Congress of Neurological Surgeons Honored Guest Presentation
Originally Published Clinical Neurosurgery, Volume 40, Chapter 17, Pages 321-383, 1992
Used with permission of the Congress of Neurological Surgeons.

HTML Editor: Stephen B. Tatter, M.D., Ph.D.
Disclaimer: The information and reference materials contained herein are intended solely to provide background information. They were written for an audience of physicians. They are in no way intended to constitute medical advise. For medical advise a physician must, of course, be consulted.

Contents


  • MRI of Meningioma
    FIG. 17.3. Tuberculum sellae meningioma. This 36-year-old presented with decreased vision. After operation, vision was normal. (A) CT axial images, showing a large meningioma. (B) MRI axial TI image after gadolinium, showing the small residual tumor adherent to the anteiior cerebral arteries after a radical subtotal removal. When the residual tumor started to grow on follow-up MRI, radiation therapy was given, with arrest of the growth.

TUBERCULUM SELLAE MENINGIOMAS

(Meningioma Management, File 3)

Managment

MRI outlines the tumor and its relationship to the optic nerves, chiasm, and internal carotid artery and its branches (48). In most patients angiography is not needed and there is no indication for embolization.

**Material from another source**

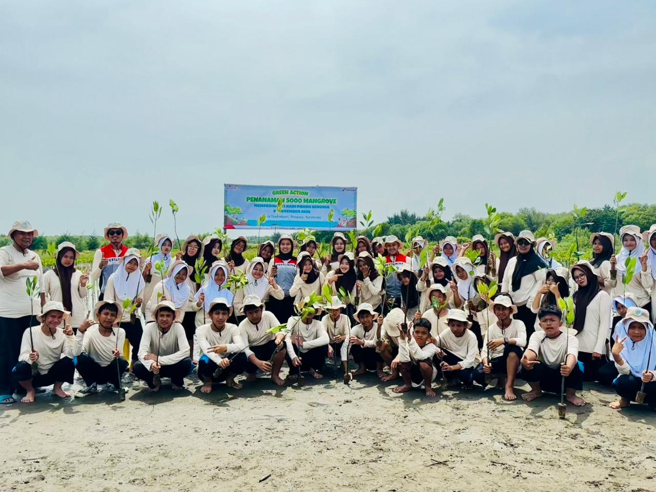 Usai edukasi, seluruh peserta turun langsung menanam 5.000 bibit mangrove di area seluas 5 hektar, dilanjutkan dengan aksi bersih pantai bersama. Bagi para siswa SMPN 1 Tirtajaya, pengalaman ini bukan hanya kegiatan sekolah, tetapi pelajaran hidup tentang merawat bumi.

The indication for surgical treatment is usually worsening vision. Surgical removal of the tumor gives the best chance for relief of symptoms and the best possibility of curing the patient. Surgery should also be considered in an asymptomatic patient because of the likely probability of future visual symptoms. When large tumors involve the optic apparatus, internal carotid, or anterior cerebral arteries with dense adherence, it may be wise to leave a small amount of tumor (radical subtotal removal). Radiation therapy is recommended when there has been a subtotal removal with an inadequate decompression or there is evidence of recurrence on MRI after radical subtotal removal (Fig. 17.3). 1 have tended to wait on this recommendation for evidence of regrowth unless the operation has been done for recurrence.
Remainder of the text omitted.